Commit — All changes from steps 3-8 go in a single state-commit transaction with expected_revision per file. On stale revision, re-read and retry.
Report — Output a summary of recoveries, alerts, and escalations.

After the report, the Orchestrator may respawn teammates, re-message owners, requeue WIs with unreachable owners, and re-dispatch recovered work.

Examples

Invocation (typical):

/agent-atelier:watchdog tick

Clean tick (no issues):

{"request_id": "REQ-WD-001", "accepted": true, "changed": false, "recovered": [], "alerts_created": [], "escalations": []}

Tick with recovery:

{"request_id": "REQ-WD-002", "accepted": true, "changed": true, "tick_at": "2026-04-08T12:00:00Z",
 "recovered": [{"work_item_id": "WI-014", "action": "requeued", "reason": "lease expired", "stale_requeue_count": 2}],
 "alerts_created": [{"id": "WDA-003", "type": "long_open_gate", "work_item_id": "WI-012"}],
 "escalations": []}

Exit Codes

Code	Meaning
`0`	Tick completed (with or without recovery actions)
`1`	Usage error (invalid arguments)
`2`	Stale revision (another writer changed state between read and commit)
`3`	State files not found (not initialized)
`4`	Runtime or environment failure

Input Conventions

The tick subcommand takes no payload.
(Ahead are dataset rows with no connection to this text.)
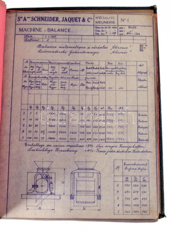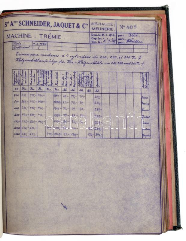 ca 1930 Schneider Jacquet & Cie. által gyártott gabonaipari, malomipari berendezések műszaki adtait tartalmazó gépkönyv. Kb 90 oldalon, 90 gép leírása Egészvászon kötésben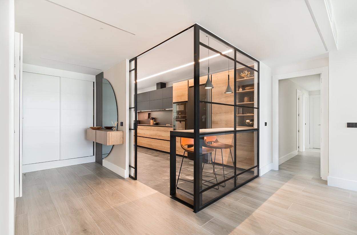 La cocina se limita por unas puertas correderas de cristal y aluminio negro, permitiendo el paso de la luz y manteniendo siempre el contacto visual entre las estancias.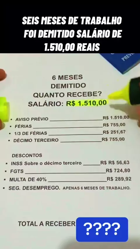 SEIS MESES DE TRABALHO FOI DEMITIDO SALÁRIO DE 1.510,00 REAIS #advogado #trabalhador #Lei #direitos #justiça

Optional flag:

--request-id <id> — audit trail identifier (optional since tick is inherently idempotent)

Output Contract

Returns JSON to stdout. See reference/execution-details.md for the full schema. When presenting to a human, also render a readable summary showing recovered items, alerts, escalations, and healthy items.

Idempotency

Watchdog tick is inherently idempotent. Running it multiple times with the same state produces the same recovery actions. Already-recovered items will not be in the triggering state on re-run.

Error Handling

Condition	Exit Code	Action
State files missing	`3`	Suggest running `/agent-atelier:init`
WI references non-existent gate	`0`	Log inconsistency, suggest manual cleanup
Runtime error during tick	`4`	Report and stop — never make partial writes
Stale revision on commit	`2`	Re-read all state files and retry the entire tick

Constraints

All recovery actions are logged. The watchdog never silently changes state.
The watchdog acts on observed state only — no memory across invocations.
When in doubt, escalate rather than recover. A stuck item that gets human attention is better than a recovered item that loses work.
The watchdog must not infer teammate liveness from lease state. Reachability checks belong to the Orchestrator's post-tick recovery sweep.